Massive participation of Afghans in the election guaranteed the endurance of the Islamic Republic of Afghanistan and was a strong response to those who think with violence and destruction they can undermine the Afghan's resolve. It was a strong statement supporting the institutionalization of democracy in the country

The electoral campaigns conducted by the presidential candidates demonstrated their political maturity. During the campaigns, only four out of eight candidates were accused of minor offenses and subsequently fined by the Electoral Complaints Commission.


This election, unlike previous ones in 2004 and 2009, was Afghan led. Polling was closely monitored by nearly 325,000 observers from 67 Afghan, and 16 international institutions. There were 71 local media, 45 international media, 31 political parties, eight presidential elections candidates and 2,700 provincial council nominees also monitoring that the election was conducted in a free and fair manner.

Although this is the third presidential election in Afghanistan, it is the first time that the transfer of power from one president to another takes place via the ballot box. This is a historical achievement for our country which has spent more than three decades in conflict.

While more than 8 million people voted in the 2004 presidential election, the number declined to over 4 million in 2009. In the current elections, more than 3.8 million new voting cards were distributed with over 32% of them issued to women. Voting rate has turned out to be proportional with 36% of the 7 million ballots reportedly cast by women.

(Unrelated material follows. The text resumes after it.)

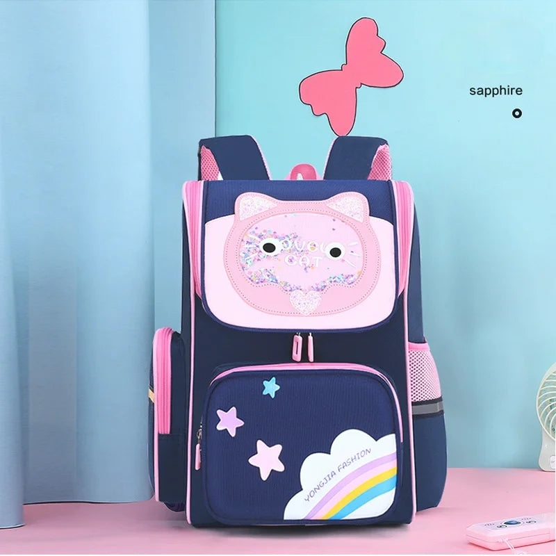 Kids Cartoon School Bag Waterproof Nylon Girl Orthopedic Backpack

This election is not only important for who would become the next president, but also important in terms of institutionalization of political turnover of power through a democratic process. The most significant achievement of Afghanistan since 2001 is the elections and participation of substantial numbers of men and women in this political exercise. One of the pivotal legacies of President Karzai, as the first democratically elected president, is the execution of transparent and fair election in Afghanistan.

This election is a turning point.  A new chapter begins in the political life of the country. Any other means of securing power other than public voting will no longer be valid and acceptable. As an Afghan citizen, I believe while the results of the election are important, it is equally important that the election is completed and has become deeply embedded in the country's political system.

Mass participation of the people in this election, on one hand, has led the newly born democracy of Afghanistan to its right path. On the other hand, it shows our people's trust in the national electoral institutions and security forces. Lastly, it also sends a powerful message to those who are trying to destabilize the country and who believe that with the withdrawal of international forces, the balance of power will be shifted. By casting their votes, Afghans clearly said "No" to extremism and said "Yes" to democracy.